**What is required:** Dropping every picture, set down exactly the lines in the entries below, starting with the line with "たれに漬けない白焼きを行った" and going on through the line with "Vocab Loco allows".

--- START ---

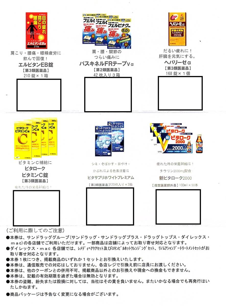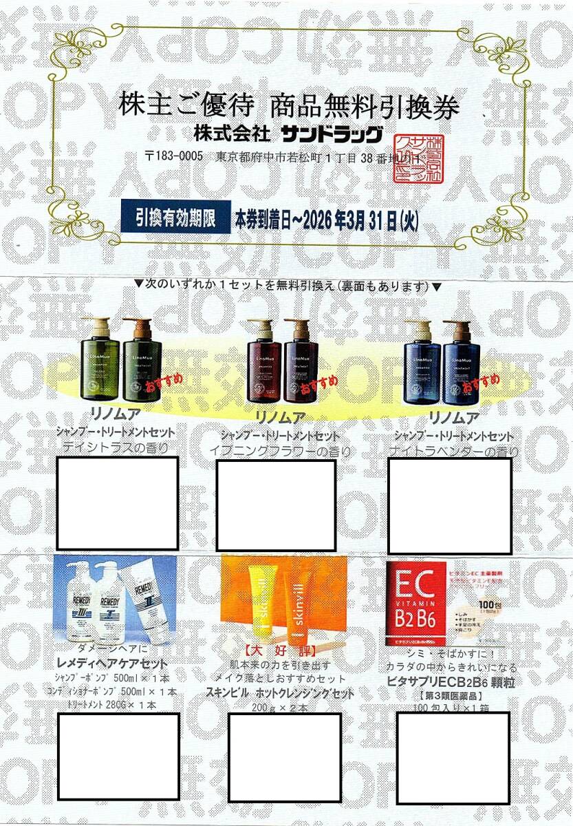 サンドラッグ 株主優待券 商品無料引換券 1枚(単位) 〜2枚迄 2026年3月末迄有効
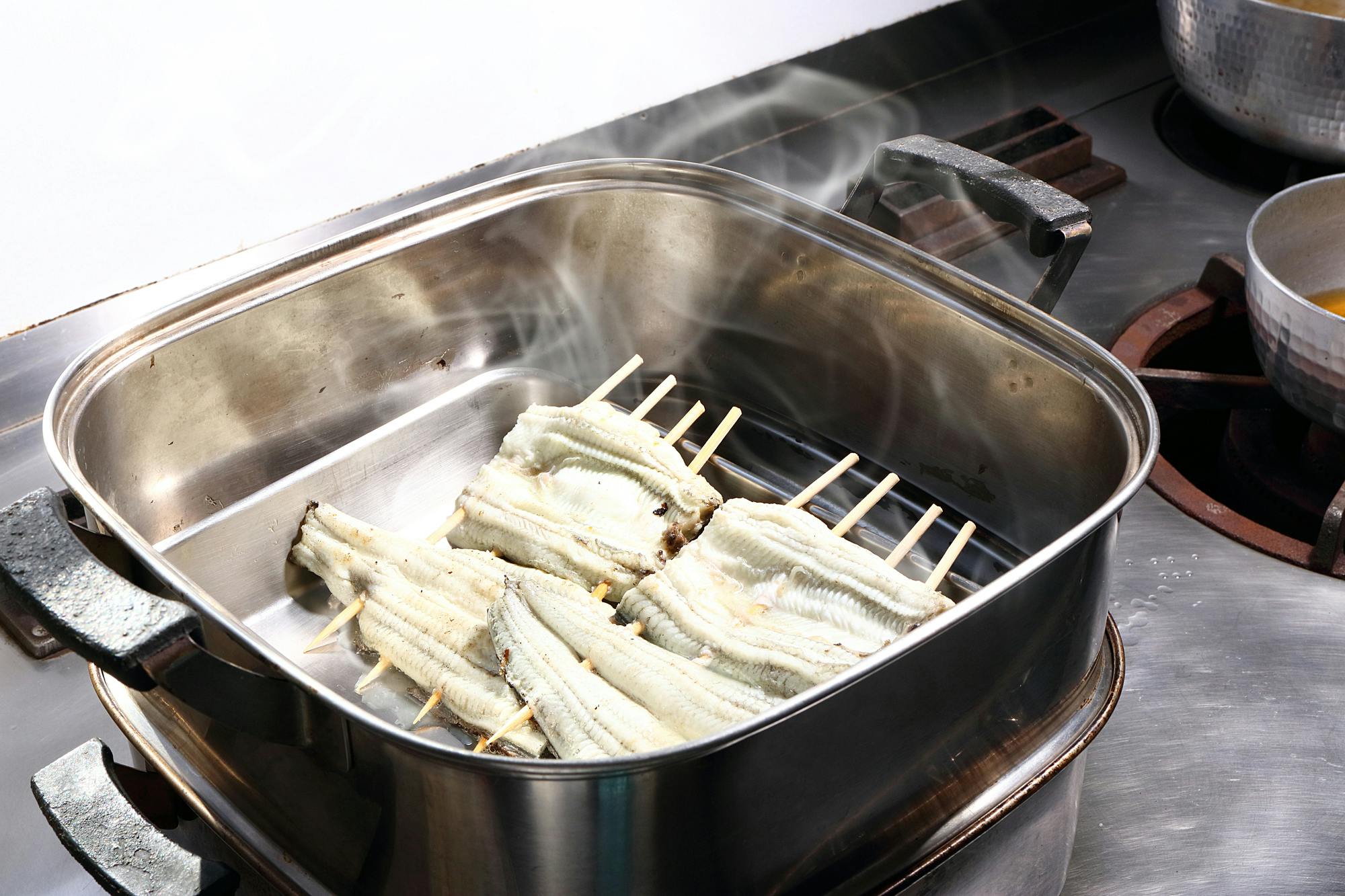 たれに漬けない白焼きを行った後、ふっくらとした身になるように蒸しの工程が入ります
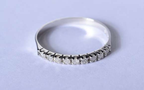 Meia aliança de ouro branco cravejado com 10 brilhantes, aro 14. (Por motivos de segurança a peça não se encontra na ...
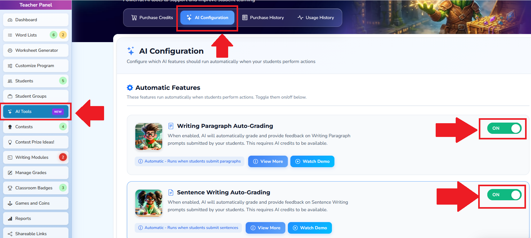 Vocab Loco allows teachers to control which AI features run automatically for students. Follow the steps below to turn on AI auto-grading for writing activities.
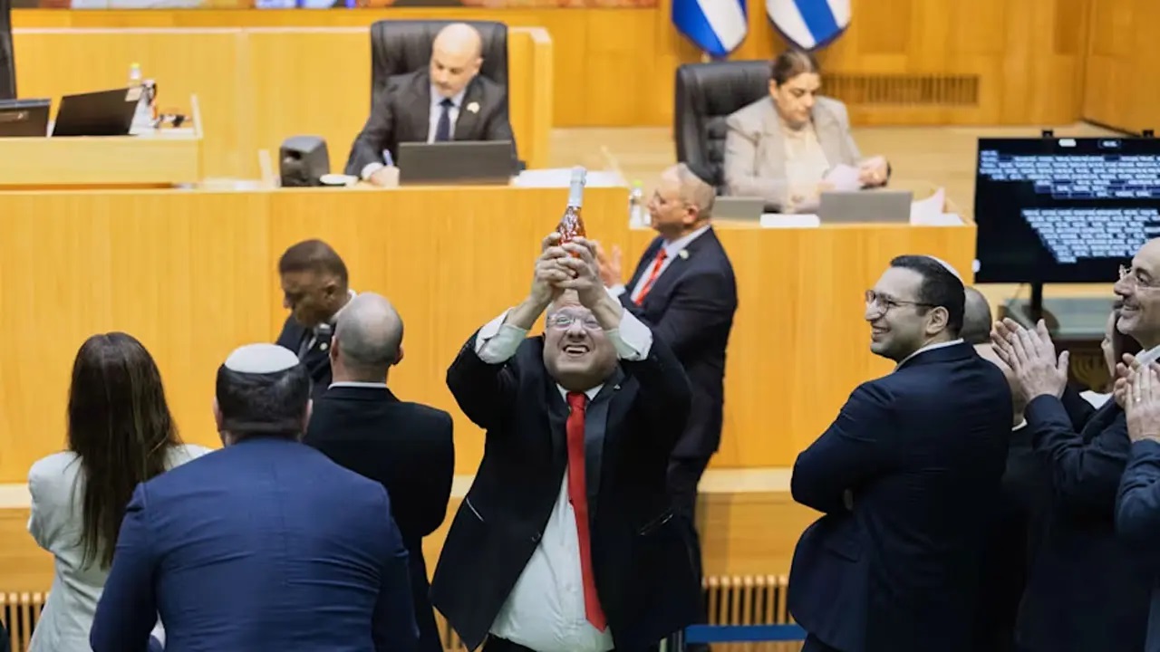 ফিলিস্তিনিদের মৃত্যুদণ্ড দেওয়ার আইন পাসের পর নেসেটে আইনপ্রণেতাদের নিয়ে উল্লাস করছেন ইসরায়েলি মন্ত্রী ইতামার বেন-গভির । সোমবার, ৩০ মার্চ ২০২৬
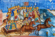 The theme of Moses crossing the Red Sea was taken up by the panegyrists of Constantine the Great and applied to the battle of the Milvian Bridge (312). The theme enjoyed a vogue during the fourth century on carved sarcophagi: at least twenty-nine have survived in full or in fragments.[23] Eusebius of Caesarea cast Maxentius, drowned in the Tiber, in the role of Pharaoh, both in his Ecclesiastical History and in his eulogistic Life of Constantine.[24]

--- END ---

**Answer for this exercise:**
 たれに漬けない白焼きを行った後、ふっくらとした身になるように蒸しの工程が入ります
 Meia aliança de ouro branco cravejado com 10 brilhantes, aro 14. (Por motivos de segurança a peça não se encontra na ...
 Vocab Loco allows teachers to control which AI features run automatically for students. Follow the steps below to turn on AI auto-grading for writing activities.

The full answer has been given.